POR HELENA OLIVEIRA
Podem as empresas ignorar a desigualdade e continuarem com o seu negócio de criação de riqueza, deixando para os governos a tarefa de a redistribuir? Poderão estas continuar a deixar-se guiar pelo famoso princípio de Milton Friedman que dita que “a principal responsabilidade social das empresas é a de gerar lucro”? Ou dever-se-ão estas considerar como entidades sociais, onde os conceitos de equidade e justiça devem predominar?
As interrogações não são novas. Mas o contexto político e económico está, pelo menos a tentar, a apertar as regras no que respeita aos chorudos salários e benefícios dos gestores. O conceito “say on pay” – que assenta na possibilidade legal de os accionistas terem, activamente ‘uma palavra a dizer’ sobre os montantes das compensações dos seus executivos, está a disseminar-se um pouco por todo o mundo. Regras mais duras no diferimento do pagamento dos bónus ou o mecanismo de clawback – que pressupõe que, em caso de dolo, negligência ou crime, uma parte desse mesmo bónus seja retirada – estão a ultrapassar as fronteiras do sector bancário. E a obrigação, nos Estados Unidos e por parte da SEC, de publicação do pay ratio – ou do montante que, face ao salário médio dos trabalhadores, é pago a mais aos executivos -, está também a encorajar os conselhos de administração a pensarem de uma forma mais abrangente sobre o que significa realmente “justiça salarial”.
Pelo menos é o que acredita a PricewaterhouseCoopers (PwC), em conjunto com a London School of Economics (LSE), quando decidiu avaliar a percepção de mais de mil executivos de topo, de todo o mundo e em sectores variados, sobre os princípios da justiça distributiva. Os resultados deram corpo ao estudo The ethics of pay in a fair society: what do executives think e indicam que os ideais de justiça estão ainda muito longe da realidade.
Para a consultora, e tendo em conta que “justiça” é um conceito político e moral de peso, com o qual as empresas têm de lidar com “pinças”, a boa notícia é que os filósofos há muito que o têm vindo a debater e não existe falta de material para o tentar compreender.

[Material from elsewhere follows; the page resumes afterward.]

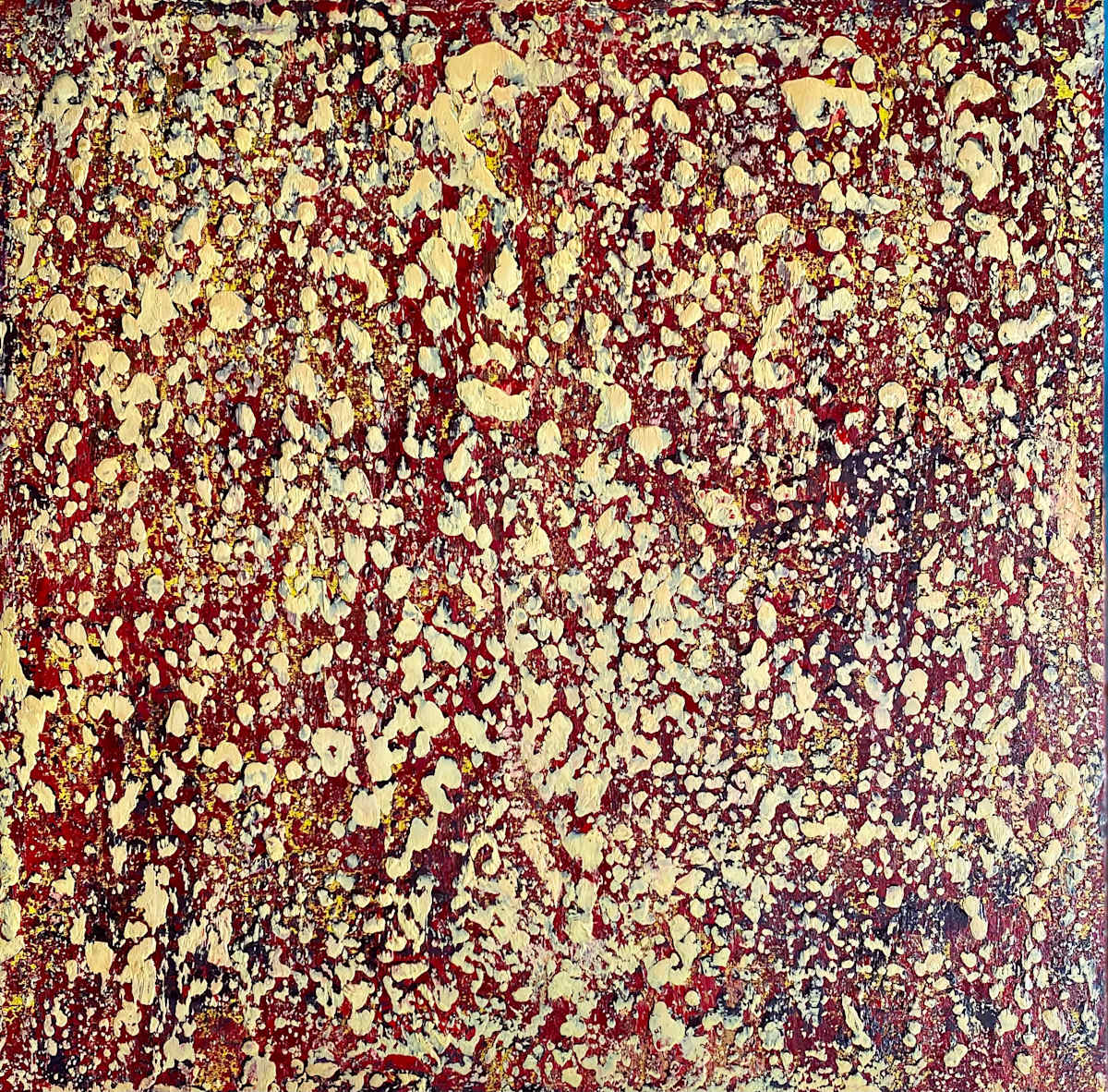 This artwork is a captivating abstract composition, featuring an intricate interplay of rich reds and vibrant yellows with splattered patterns and palette knife work throughout. The texture is dynamic, with a delightfully chaotic arrangement of colors and forms that dance across the canvas. The use of splatters, palette knife, and drips injects energy into the piece, reminiscent of action painting, and it deeply engages with the viewer’s visual senses.

E foi por isso que em colaboração com Alexander Pepper, Professor de Práticas de Gestão na London School of Economics and Political Science (LSE), uma sumidade na matéria (e que o VER entrevista nesta edição) e Susanne Burri, Professora Assistente no Departamento de Filosofia, Lógica e Método Científico também na afamada escola de negócios, a PwC desenvolveu este estudo no sentido de confrontar os executivos seniores com os princípios subjacentes ao conceito em causa.

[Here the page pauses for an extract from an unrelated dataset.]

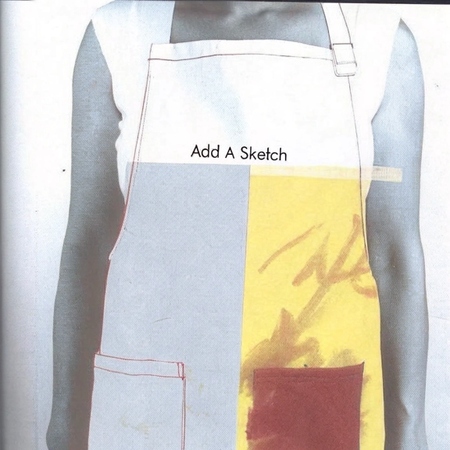Create a realistic mockup of an artist’s apron designed in the brand identity of «add a sketch». The apron should reflect the creative and artistic ethos of the brand, combining functionality with a sense of artistic freedom and self-expression. The design should appeal to artists, creators, and individuals who are passionate about both the process and the end result of their creative journey.

[quote_center]“É correcto compensar os executivos com um nível muito elevado desde que exista criação de valor para todos os stakeholders”, Director, Educação, EUA[/quote_center]
A pesquisa explora as atitudes relativas à justiça e à justiça distributiva tanto nas empresas, como na sociedade em geral, com o objectivo de ajudar as organizações a desenvolver uma nova linguagem sobre a temática, em conjunto com os seus empregados, no sentido de se construírem estruturas de remuneração que sejam justas e equitativas e que vão ao encontro não só das expectativas da força laboral como da sociedade enquanto um todo.
O VER apresenta de seguida os principais resultados do estudo, os quais são extensamente comentados na entrevista já referida com Alexander Pepper, presente nesta edição especial.
Os seis princípios da justiça distributiva e as quatro tribos filosóficas
A literatura no campo da filosofia política que aborda a justiça distributiva é por demais extensa, motivo que levou os responsáveis do estudo a eleger seis princípios por excelência, representando as suas respectivas teorias e avaliando as atitudes dos entrevistados – pedindo-lhes que as priorizem – no que respeita à sua prática “ideal” nas empresas e na sociedade.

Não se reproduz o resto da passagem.